简体   繁体   中英

Trim ordered dictionary based on key?

What is the fastest way to "trim" a dictionary based on they key? My understanding is that dictionaries now preserve order since Python 3.7

I have a dictionary that contains key (type datetime): val (type float). The dictionary is in a sorted (chronological) order.

time_series_dict = 
{"2019-02-27 14:00:00": 95,
"2019-02-27 15:00:00": 98,
"2019-02-27 16:25:00: 80,
.............
"2019-03-01 12:15:00": 85
}

I would like to trim the dictionary, removing everything outside of start_date and end_date . Dictionary can have 1000s of values. Is there a faster method than:

for k in list(time_series_dict.keys()):
    if not start_date <= k <= end_date:
        del time_series_dict[k]

If your dictionaries have 1000s of keys, and you are removing keys from the start and end of the ordered sequence of timestamps, consider using binary search to find the cut-off points in a list copy of the keys. Python includes the bisect module for this:

from bisect import bisect_left, bisect_right

def trim_time_series_dict(tsd, start_date, end_date):
    ts = list(tsd)
    before = bisect_right(ts, start_date)  # insertion point at > start_date
    after = bisect_left(ts, end_date)      # insertion point is < end_date
    for i in range(before):                # up to == start_date
        del tsd[ts[i]]
    for i in range(after + 1, len(ts)):    # from >= end_date onwards
        del tsd[ts[i]]

I've run some time trials to see if this is going to make a difference against your typical datasets; as expected, it pays off when the number of keys removed is significantly lower than the length of the input dictionary.

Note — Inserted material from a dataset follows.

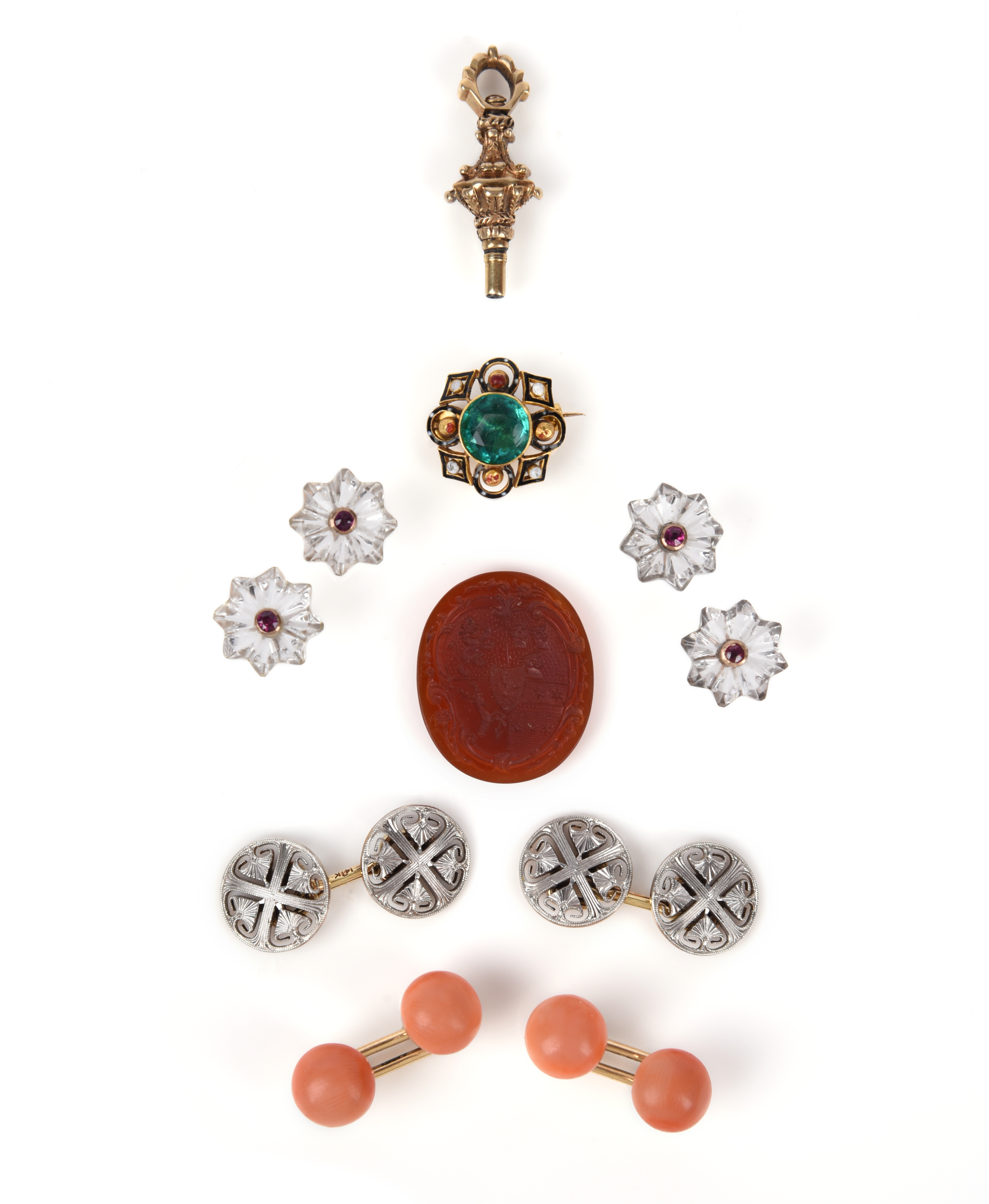 λ A group of jewels including two pairs of cufflinks, one set with coral buttons in gold, the other pair with circular links with openwork scroll motif in platinum on gold, a carnelian intaglio carved with a coat of arms in a rococo border, a set of four carved floral rock crystal buttons set with cushion-shaped garnets, an enamel and foiled green paste brooch in the Renaissance revival manner, and a watch key with foliate decoration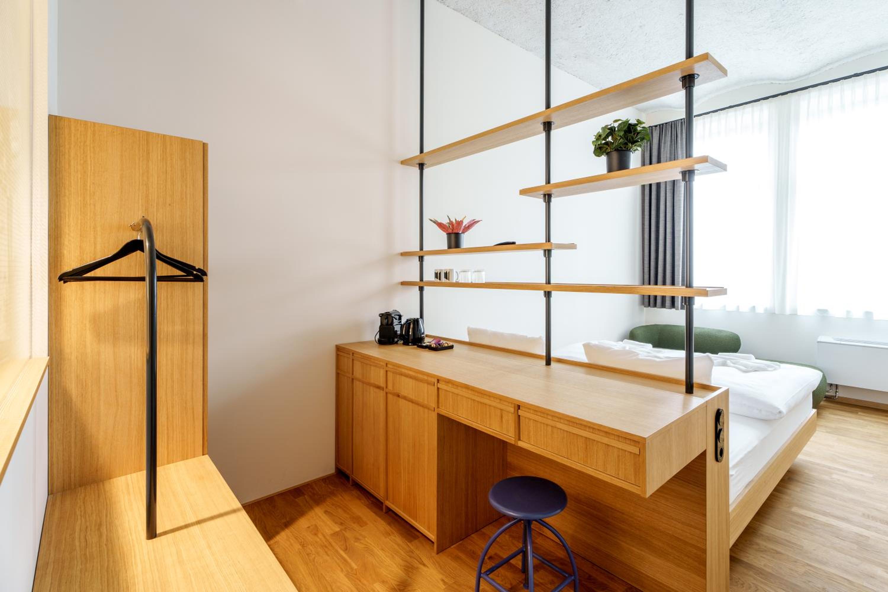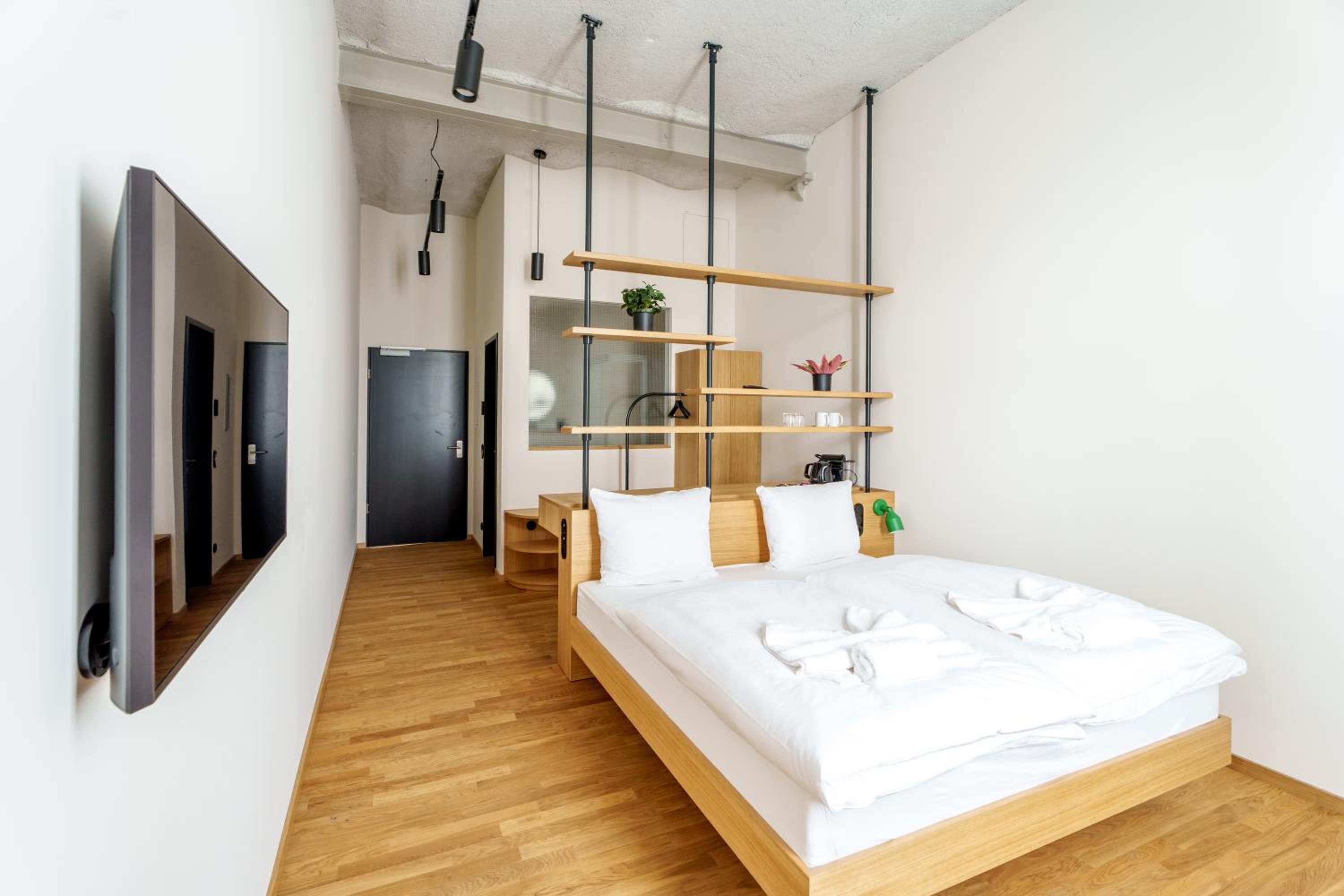Sehr interessante Unterkunft auch schon durch die von der Autobahn gut erreichbare Lage, der industrial Charme gefällt, Check in und out funktionieren problemlos, Parkplätze sind reichlich.

Time trial setup (imports, building the test data dictionary and start and end dates, defining the test functions)

>>> import random
>>> from bisect import bisect_left, bisect_right
>>> from datetime import datetime, timedelta
>>> from itertools import islice
>>> from timeit import Timer
>>> def randomised_ordered_timestamps():
...     date = datetime.now().replace(second=0, microsecond=0)
...     while True:
...         date += timedelta(minutes=random.randint(15, 360))
...         yield date.strftime('%Y-%m-%d %H:%M:%S')
...
>>> test_data = {ts: random.randint(50, 500) for ts in islice(randomised_ordered_timestamps(), 10000)}
>>> start_date = next(islice(test_data, 25, None))                 # trim 25 from the start
>>> end_date = next(islice(test_data, len(test_data) - 25, None))  # trim 25 from the end
>>> def iteration(t, start_date, end_date):
...     time_series_dict = t.copy()  # avoid mutating test data
...     for k in list(time_series_dict.keys()):
...         if not start_date <= k <= end_date:
...             del time_series_dict[k]
...
>>> def bisection(t, start_date, end_date):
...     tsd = t.copy()  # avoid mutating test data
...     ts = list(tsd)
...     before = bisect_right(ts, start_date)  # insertion point at > start_date
...     after = bisect_left(ts, end_date)      # insertion point is < end_date
...     for i in range(before):                # up to == start_date
...         del tsd[ts[i]]
...     for i in range(after + 1, len(ts)):    # from >= end_date onwards
...         del tsd[ts[i]]
...

Trial outcome:

>>> count, total = Timer("t.copy()", "from __main__ import test_data as t").autorange()
>>> baseline = total / count
>>> for test in (iteration, bisection):
...     timer = Timer("test(t, s, e)", "from __main__ import test, test_data as t, start_date as s, end_date as e")
...     count, total = timer.autorange()
...     print(f"{test.__name__:>10}: {((total / count) - baseline) * 1000000:6.2f} microseconds")
...
 iteration: 671.33 microseconds
 bisection:  80.92 microseconds

(The test subtracts the base-line cost of making a dict copy first).

However, there may well be more efficient data structures for these kind of operations. I checked out the sortedcontainers project as it includes a SortedDict() type that supports bisection on the keys directly. Unfortunately, while it performs better than your iteration approach, I can't make it perform better here than bisecting on a copy of the keys list:

>>> from sortedcontainers import SortedDict
>>> test_data_sorteddict = SortedDict(test_data)
>>> def sorteddict(t, start_date, end_date):
...     tsd = t.copy()
...     # SortedDict supports slicing on the key view
...     keys = tsd.keys()
...     del keys[:tsd.bisect_right(start_date)]
...     del keys[tsd.bisect_left(end_date) + 1:]
...
>>> count, total = Timer("t.copy()", "from __main__ import test_data_sorteddict as t").autorange()
>>> baseline = total / count
>>> timer = Timer("test(t, s, e)", "from __main__ import sorteddict as test, test_data_sorteddict as t, start_date as s, end_date as e")
>>> count, total = timer.autorange()
>>> print(f"sorteddict: {((total / count) - baseline) * 1000000:6.2f} microseconds")
sorteddict: 249.46 microseconds

I may be using the project wrong, however. Deleting keys from SortedDict objects is O(NlogN) so I suspect that that's where this falls down. Creating a new SortedDict() object from the other 9950 key-value pairs is slower still (over 2 milliseconds, not something you want to compare against the other approaches).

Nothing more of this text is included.